- **Instructions to follow**: An exact transcription of every entry is required, with the images left out.

- **Provided records**:
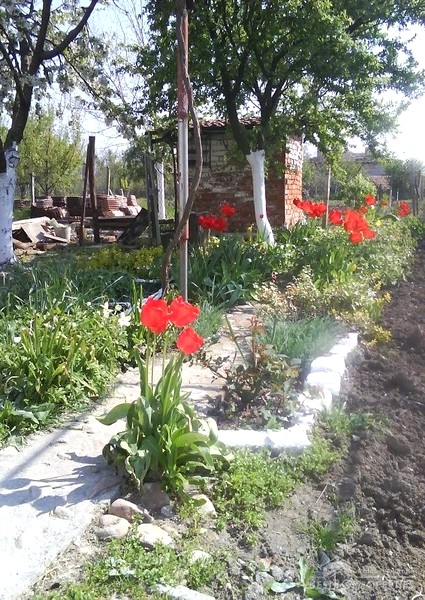 The plot is 700 sq m. In it there is a vineyard, vines and many fruit trees. There is a room for instruments and a BBQ (incomplete without roof), outside summer bathroom and WC.
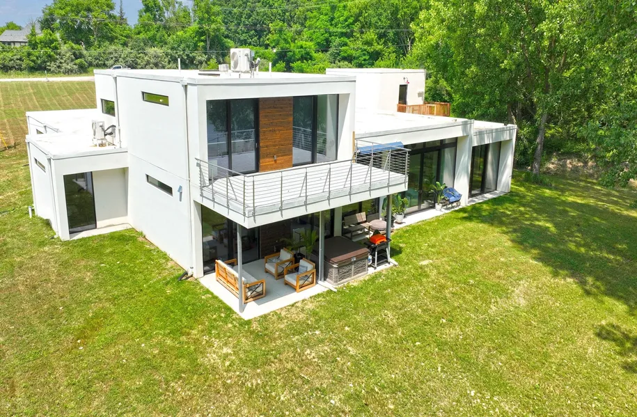 The BENEFIT of this property... This spectacular lakefront custom-designed home built with ALUPROF Triple pane Passive House certified (European and American standards).... Let us begin the basics: 4 to 5 Bedrooms, Master Suite, In-Law Suite, Ensuites, 4 Full Bathrooms, 1 Half Bathroom, OVER 3 Acres, direct private waterfront on 10-acre spring fed lake, Oversized 2 Car Garage with electric car chargers, nearly 4,000 square feet of stellar finished space, Ann Arbor Schools, Ann Arbor Mailing, open concept modern style. Now the spectacular stuff... Air tightness to passive house level, Potential NETZERO and LEED Platinum certification, Ultra high R-value (30/60/90) insulation (R80-Roof, R90-Floor), Designed to take direct sunlight to heat the concrete and marble slab of the house during the winter months. And there is so much more... All Steel Framing, Guardian wall panels - Structural insulated panels set in steel studs, Structural foam - 2 feet under the slab / 15" thick roof and 8" walls (reinforced steel), Swiss Air handler ERV system, Aluminum windows imported from Poland, Heat pumps with individual units for bedrooms, All bathroom sinks are equipped with an instant hot water supply, Heated and insulated 30' garage with two electrical automobile chargers, Bedrooms - Outside rolling shutters, Custom-designed and handmade woodworking around the house with white oak and walnut, pantry kitchen with dishwasher and prep area, Commercial Durolast flat roof with room for expansion, Marble flooring, marble shower walls and marble kitchen backsplash, Carlyle wood flooring, very rare Japanese charred wood siding, Commercial grade Stucco, Two Electric Car Chargers, Touchless faucet with instant hot water in every faucet. Check out the high-end appliances: 54" La-Canche oven - Handmade in France (6 figures), Gaggenau 30" Column refrigerator, Gaggenau 24" column freezer, Gaggenau 24" column wine cooler, Bosch built-in expresso maker, Two dishwashers (Bosch and Gaggenau), Drawer microwave. Additional OPTIONS: Heated front and back patios, Wired for Savant System Inteligent Control, Heated dunk pool and heated lap pool, Hestan grill ($12000), Rooftop sunroom, Rooftop Garden. NOTE: Most house is ADA accessible. Convenient to everything and anything you need yet peaceful tranquil waterfront setting. Come visit the home you have dreamed about. Need a Jumbo, Conventional or Bridge? We have great lenders to serve you. Need help making the transition from your current home to a NEW home, call for various lending options and free market analysis. Tour today or at one of the many planned Open Houses.
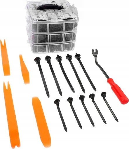 Klipsy samochodowe zostały starannie zapakowane w praktyczne pudełko z przegródkami, co pozwoli utrzymać porządek w Twoim garażu lub warsztacie. Zestaw zawiera imponującą liczbę aż 620 zacisków mocujących. Dodatkowo otrzymasz śrubokręt oraz 4 różne rodzaje specjalnych kluczy, które umożliwią Ci bezproblemowe usuwanie zużytych klipsów i montaż nowych.
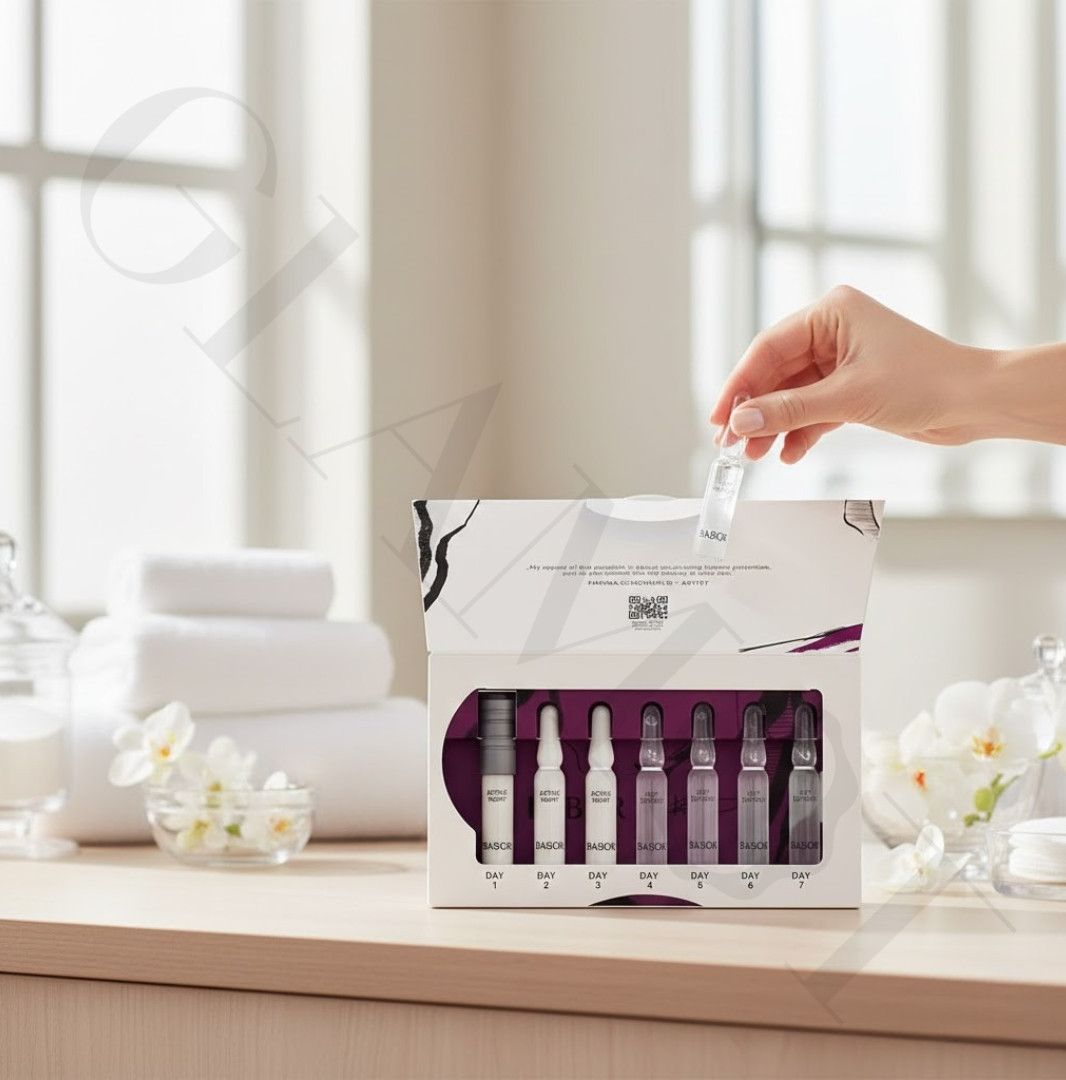 Protřepejte ampulku a omotejte hrdlo ampulky kapesníkem nebo použijte přiložený otvírák na ampulky. Druhou rukou uchopte hrdlo ampule a otevřete ji na spodním barevném kroužku. Nalijte koncentrát do dlaně a rozetřete jej na obličej, krk a dekolt. Koncentrát jemně vklepejte prsty do pokožky a poté na ni naneste běžný hydratační krém. Kúru používejte 7 dní po sobě v pořadí ampulí uvedeném v balení.
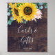 Este letreiro de madeira rústica com girassóis para cartões e presentes é perfeito para um casamento campestre ou chá de noiva. O design floral boêmio apresenta girassóis amarelos, flores rosa e folhagem de eucalipto verde caçador em aquarela com um visual moderno e elegante de boho. A linha de texto na parte inferior do letreiro pode ser personalizada com a data, os nomes da noiva e do noivo, ou uma mensagem curta como "Obrigado". Este letreiro pode ser usado para um casamento ou qualquer evento ou festa.
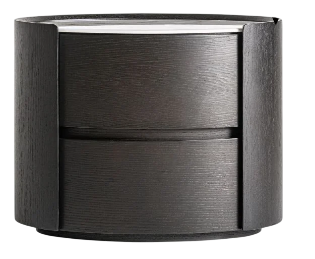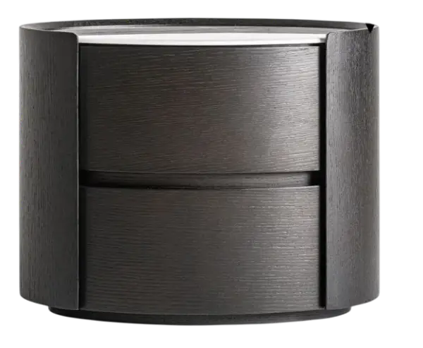 La mesita de noche Zofingen es una pieza de diseño contemporáneo con forma ovalada que destaca por su presencia elegante y equilibrada. Está fabricada en madera negra con una textura visible que aporta profundidad, mientras que su sobre de piedra sinterizada blanca crea un contraste refinado y moderno. Incorpora dos cajones de apertura frontal curva que siguen la línea envolvente del diseño, ofreciendo almacenamiento práctico sin romper la armonía visual. Sus dimensiones 60 cm de ancho, 41 cm de fondo y 48 cm de alto, la convierten en una opción perfecta para añadir sofisticación y funcionalidad a cualquier dormitorio.
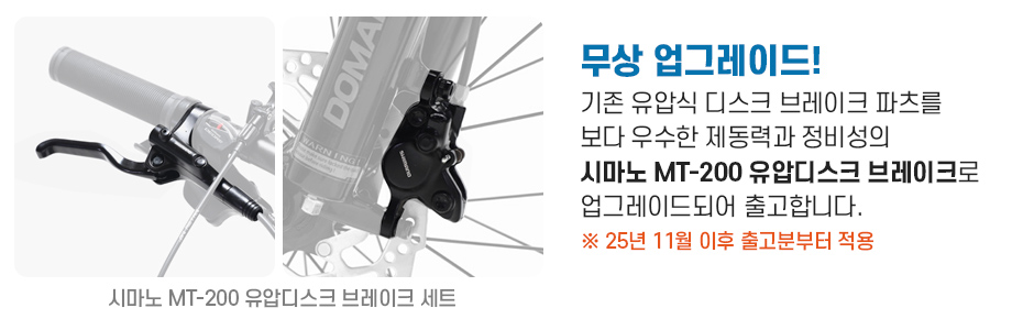 ※ 25년 11월 1일 출고분부터 기존 유압브레이크보다 우수한 성능의 [시마노 MT-200] 유압 브레이크로 변경되어 출고합니다.
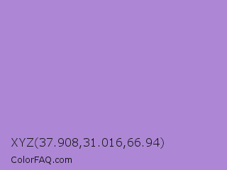 XYZ 37.908,31.016,66.94 Color is a light violet color and the nearest color is East Side #ac91ce. Hex code #ad87d5 and RGB value is rgb(173,135,213). In RGB color space, this color is composed of 68% red, 53% green, 84% blue, In CMYK color space, this color is composed of 19% cyan, 37% magenta, 0% yellow , 16% black , In HSL color space, this color has a hue angle of 269° , 48% saturation and 68% lightness.
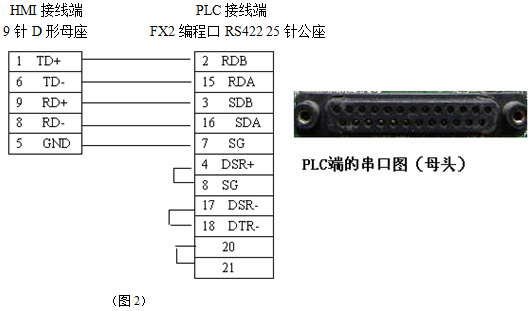 2、三菱FX系列CPU型号PLC,电缆制作图如下所示:
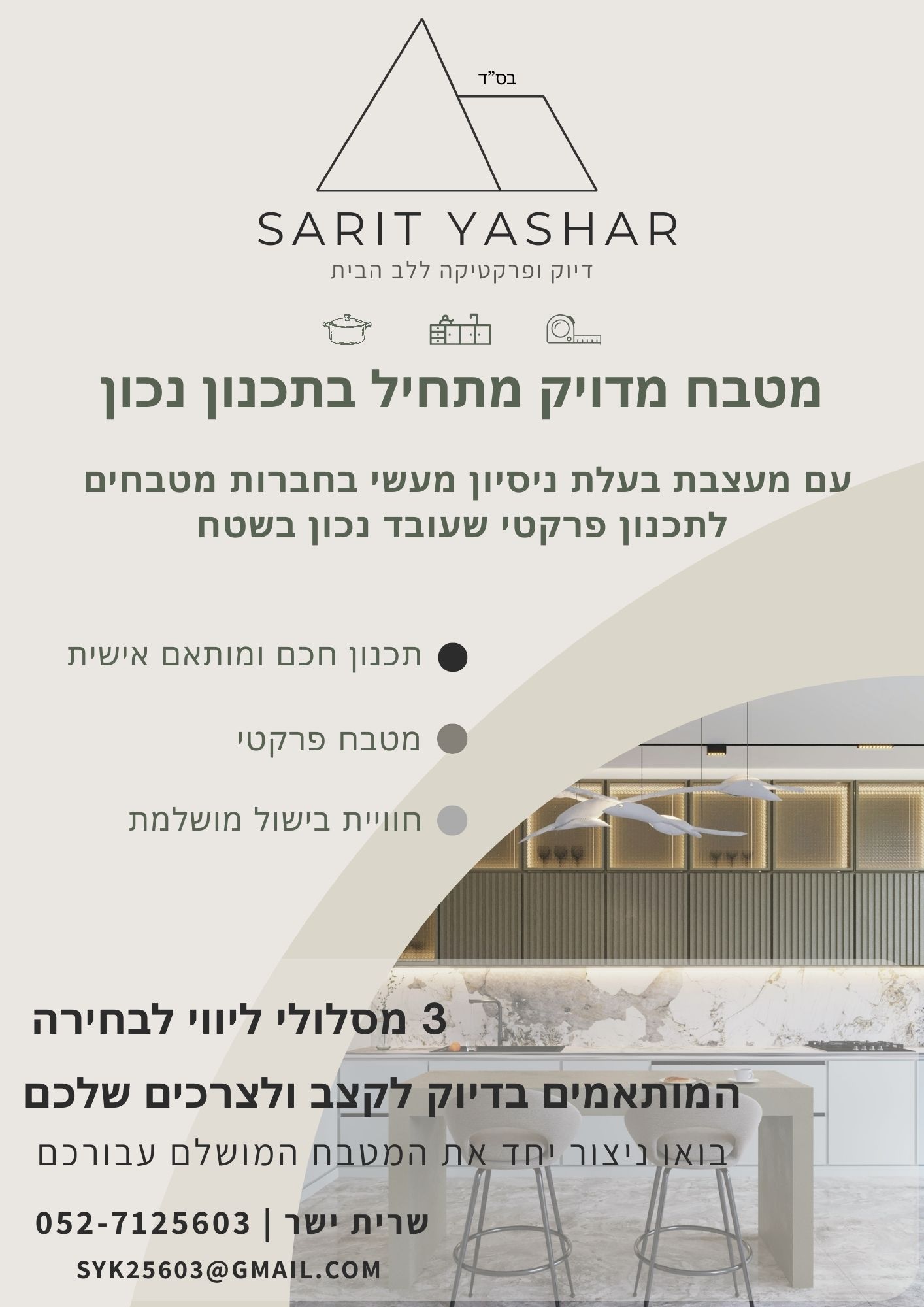 אני כאן כדי לוודא שהמטבח שלכם יהיה גם יפה וגם יעבוד נכון בשטח.

- **Answer box**:
 The plot is 700 sq m. In it there is a vineyard, vines and many fruit trees. There is a room for instruments and a BBQ (incomplete without roof), outside summer bathroom and WC.
 The BENEFIT of this property... This spectacular lakefront custom-designed home built with ALUPROF Triple pane Passive House certified (European and American standards).... Let us begin the basics: 4 to 5 Bedrooms, Master Suite, In-Law Suite, Ensuites, 4 Full Bathrooms, 1 Half Bathroom, OVER 3 Acres, direct private waterfront on 10-acre spring fed lake, Oversized 2 Car Garage with electric car chargers, nearly 4,000 square feet of stellar finished space, Ann Arbor Schools, Ann Arbor Mailing, open concept modern style. Now the spectacular stuff... Air tightness to passive house level, Potential NETZERO and LEED Platinum certification, Ultra high R-value (30/60/90) insulation (R80-Roof, R90-Floor), Designed to take direct sunlight to heat the concrete and marble slab of the house during the winter months. And there is so much more... All Steel Framing, Guardian wall panels - Structural insulated panels set in steel studs, Structural foam - 2 feet under the slab / 15" thick roof and 8" walls (reinforced steel), Swiss Air handler ERV system, Aluminum windows imported from Poland, Heat pumps with individual units for bedrooms, All bathroom sinks are equipped with an instant hot water supply, Heated and insulated 30' garage with two electrical automobile chargers, Bedrooms - Outside rolling shutters, Custom-designed and handmade woodworking around the house with white oak and walnut, pantry kitchen with dishwasher and prep area, Commercial Durolast flat roof with room for expansion, Marble flooring, marble shower walls and marble kitchen backsplash, Carlyle wood flooring, very rare Japanese charred wood siding, Commercial grade Stucco, Two Electric Car Chargers, Touchless faucet with instant hot water in every faucet. Check out the high-end appliances: 54" La-Canche oven - Handmade in France (6 figures), Gaggenau 30" Column refrigerator, Gaggenau 24" column freezer, Gaggenau 24" column wine cooler, Bosch built-in expresso maker, Two dishwashers (Bosch and Gaggenau), Drawer microwave. Additional OPTIONS: Heated front and back patios, Wired for Savant System Inteligent Control, Heated dunk pool and heated lap pool, Hestan grill ($12000), Rooftop sunroom, Rooftop Garden. NOTE: Most house is ADA accessible. Convenient to everything and anything you need yet peaceful tranquil waterfront setting. Come visit the home you have dreamed about. Need a Jumbo, Conventional or Bridge? We have great lenders to serve you. Need help making the transition from your current home to a NEW home, call for various lending options and free market analysis. Tour today or at one of the many planned Open Houses.
 Klipsy samochodowe zostały starannie zapakowane w praktyczne pudełko z przegródkami, co pozwoli utrzymać porządek w Twoim garażu lub warsztacie. Zestaw zawiera imponującą liczbę aż 620 zacisków mocujących. Dodatkowo otrzymasz śrubokręt oraz 4 różne rodzaje specjalnych kluczy, które umożliwią Ci bezproblemowe usuwanie zużytych klipsów i montaż nowych.
 Protřepejte ampulku a omotejte hrdlo ampulky kapesníkem nebo použijte přiložený otvírák na ampulky. Druhou rukou uchopte hrdlo ampule a otevřete ji na spodním barevném kroužku. Nalijte koncentrát do dlaně a rozetřete jej na obličej, krk a dekolt. Koncentrát jemně vklepejte prsty do pokožky a poté na ni naneste běžný hydratační krém. Kúru používejte 7 dní po sobě v pořadí ampulí uvedeném v balení.
 Este letreiro de madeira rústica com girassóis para cartões e presentes é perfeito para um casamento campestre ou chá de noiva. O design floral boêmio apresenta girassóis amarelos, flores rosa e folhagem de eucalipto verde caçador em aquarela com um visual moderno e elegante de boho. A linha de texto na parte inferior do letreiro pode ser personalizada com a data, os nomes da noiva e do noivo, ou uma mensagem curta como "Obrigado". Este letreiro pode ser usado para um casamento ou qualquer evento ou festa.
 La mesita de noche Zofingen es una pieza de diseño contemporáneo con forma ovalada que destaca por su presencia elegante y equilibrada. Está fabricada en madera negra con una textura visible que aporta profundidad, mientras que su sobre de piedra sinterizada blanca crea un contraste refinado y moderno. Incorpora dos cajones de apertura frontal curva que siguen la línea envolvente del diseño, ofreciendo almacenamiento práctico sin romper la armonía visual. Sus dimensiones 60 cm de ancho, 41 cm de fondo y 48 cm de alto, la convierten en una opción perfecta para añadir sofisticación y funcionalidad a cualquier dormitorio.
 ※ 25년 11월 1일 출고분부터 기존 유압브레이크보다 우수한 성능의 [시마노 MT-200] 유압 브레이크로 변경되어 출고합니다.
 XYZ 37.908,31.016,66.94 Color is a light violet color and the nearest color is East Side #ac91ce. Hex code #ad87d5 and RGB value is rgb(173,135,213). In RGB color space, this color is composed of 68% red, 53% green, 84% blue, In CMYK color space, this color is composed of 19% cyan, 37% magenta, 0% yellow , 16% black , In HSL color space, this color has a hue angle of 269° , 48% saturation and 68% lightness.
 2、三菱FX系列CPU型号PLC,电缆制作图如下所示:
 אני כאן כדי לוודא שהמטבח שלכם יהיה גם יפה וגם יעבוד נכון בשטח.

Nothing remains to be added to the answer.